From c5ab3254dc665b820ca65ea919c5c2f5f5e0d110 Mon Sep 17 00:00:00 2001
From: Jean-Noel Rouvignac <jean-noel.rouvignac@forgerock.com>
Date: Tue, 12 Nov 2013 13:52:24 +0000
Subject: [PATCH] CR-2563 JEChangelogDB removing a synchronized block in a heavily hit path
---
opends/src/server/org/opends/server/replication/server/changelog/je/JEChangelogDB.java | 174 ++++++++++++++++++++++++++++++++++---------
opends/src/server/org/opends/server/replication/server/changelog/je/JEReplicaDB.java | 15 ++-
opends/tests/unit-tests-testng/src/server/org/opends/server/replication/server/changelog/je/JEReplicaDBTest.java | 4
opends/src/messages/messages/replication.properties | 2
4 files changed, 150 insertions(+), 45 deletions(-)

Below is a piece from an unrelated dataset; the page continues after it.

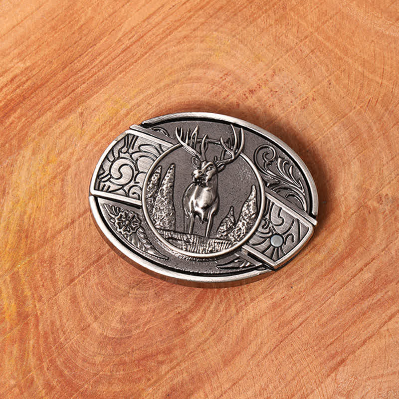 • Questa fibbia classica presenta una scena di cervo nella foresta.

diff --git a/opends/src/messages/messages/replication.properties b/opends/src/messages/messages/replication.properties
index 7d8a3c1..f010c55 100644
--- a/opends/src/messages/messages/replication.properties
+++ b/opends/src/messages/messages/replication.properties
@@ -527,3 +527,5 @@
NOTICE_BEST_RS_233=RS(%d) has been evaluated to be the best replication server \
for DS(%d) to connect to because it was the only one standing after all tests
NOTICE_UNKNOWN_RS_234=RS(%d) could not be contacted by DS(%d)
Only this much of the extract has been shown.